Sonora.ID – Baru-baru ini, Pemerintah telah mengeluarkan rencana pelarangan praktik BDSM dalam kegiatan seksual melalui Rancangan Undang-Undang (RUU) Ketahanan Keluarga.
Kendati kegiatan BDSM dikenal dengan aksi sadistik dan tidak lazim, BDSM sebenarnya berbeda dengan tindak kekerasan seksual.
BDSM merupakan beragam kegiatan seksual yang melibatkan praktik bondage and discipline (perbudakan dan disiplin), dominance and submission (dominansi dan penyerahan diri), atau sadism and masochism (sadisme dan masokisme). Seluruh kegiatan tersebut bertujuan untuk memperoleh kepuasan berhubungan intim.
Baca Juga: RUU Ketahanan Keluarga Melarang BDSM, Begini Penjelasan Pengusul
Seringkali BDSM digambarkan secara keliru dalam sebuah film sehingga kegiatan BDSM sering disalahartikan sebagai bentuk penyimpangan seksual.
Perbedaan BDSM dengan kekerasan seksual
Melansir dari laman National Domestic Violence Hotline, berikut perbedaannya:
Persetujuan kedua belah pihak
Persetujuan menjadi penting dalam praktik BDSM. Baik bagi sang dominan maupun submisif, keduanya perlu memberikan persetujuan jelas dalam keadaan sadar sebelum melakukan kegiatan seksual apa pun.
Baca Juga: Rilis RUU Ketahanan Keluarga: Pelaku BDSM Wajib Direhabilitasi?
Seperti jenis hubungan lainnya, BDSM juga tidak luput dari risiko.
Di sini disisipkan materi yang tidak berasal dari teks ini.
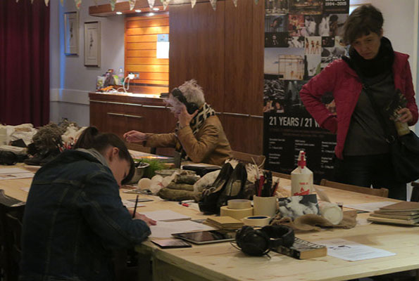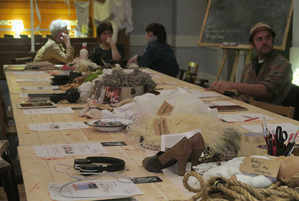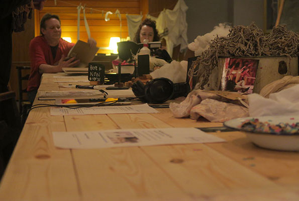 An instruction based, staged participatory environment that encouraged audience / participants to explore props, materials and sketchbooks from past productions as well as delve into newly created online resources created to mark VDT’s 21 anniversary in 2015.

Kegiatan ini bisa saja menyebabkan kecelakaan, cedera, serta dampak psikologis seperti sakit hati dan stres setelah berhubungan intim. Persetujuan adalah unsur yang penting untuk mencegah berbagai efek tersebut.
Kekerasan seksual berbeda dengan BDSM karena tidak dilakukan dengan persetujuan dan hanya bertujuan untuk keuntungan pelaku. Tidak ada peran dominan ataupun submisif, justru yang ada hanyalah pihak pelaku dan korban.